L’étude décrit des grappes ou des arbres d’ARN sélectionnés par le processus d’apprentissage automatique, qui révèle des modèles d’expression génique communs aux six maladies neurodégénératives explorées dans l’étude ainsi que des profils d’expression distincts et dépendants de la maladie. Des milliers de ces arbres sont créés et statistiquement comparés par l’algorithme d’apprentissage automatique, pour sélectionner des groupements de 20 transcriptions qui correspondent le mieux aux voies pathologiques connues dans les maladies à l’étude.
Les résultats offrent des indices sur les caractéristiques cellulaires communes qui peuvent jouer un rôle dans le démarrage des processus de neurodégénérescence. L’étude soulève également des questions déconcertantes sur la façon dont des formes distinctes de maladies se développent finalement à partir de ces éléments communs.
A partir des transcrits d’ARN extraits du sang, quelque 10 000 gènes sont exprimés. L’algorithme d’apprentissage automatique, connu sous le nom de Random Forest, catégorise les données et compare les résultats avec des profils d’expression génique connus pour être associés à des voies biologiques liées à la maladie.

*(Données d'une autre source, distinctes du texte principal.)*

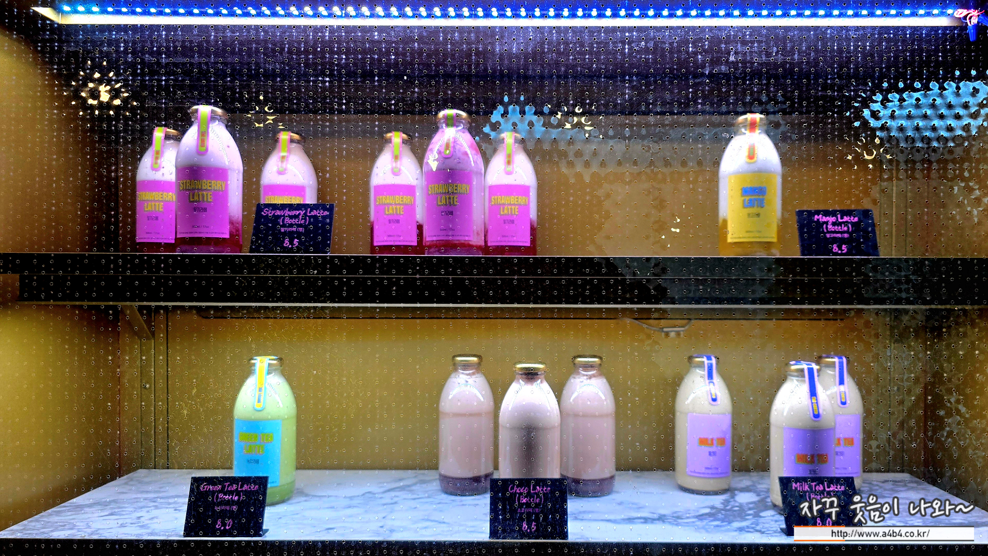 딸기라떼, 망고라떼, 초코라떼, 밀크티라떼 등 병음료 Latte 도 있는데요. 가격은 8,500원. 최근 대형 카페 음료나 빵 가격 인플레가 심하다고 하지만 가격 후덜덜 하네요.

Le dépistage du sang total et l’examen du profil d’ARN complet peuvent surmonter les limites de nombreuses autres formes de tests, qui sont souvent moins complètes, coûteuses, très invasives et à forte intensité de main-d’œuvre. Le diagnostic par sang total, en revanche, peut être effectué à faible coût pratiquement partout dans le monde. Les résultats sanguins peuvent être suivis au fil du temps, offrant une fenêtre précieuse sur la progression de la maladie. Des recherches de ce type peuvent également encourager de nouveaux modes de traitement.

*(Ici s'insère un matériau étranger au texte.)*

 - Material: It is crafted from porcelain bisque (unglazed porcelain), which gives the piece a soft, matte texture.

Les résultats suggèrent une possibilité alléchante : les changements transcriptionnels partagés par plusieurs types de maladies peuvent fournir les germes initiaux qui se développent plus tard dans chacune des affections cérébrales distinctes. Les mécanismes responsables de la germination de ces facteurs communs pour produire diverses maladies et symptomologies, attaquant différentes régions du cerveau, restent une énigme centrale à résoudre.
Les recherches futures exploreront les impacts transcriptionnels sur les neurones en plus des cellules sanguines ainsi que les mécanismes sous-jacents qui préparent le terrain pour que les maladies neurodégénératives se développent et fassent évoluer leurs pathologies distinctes.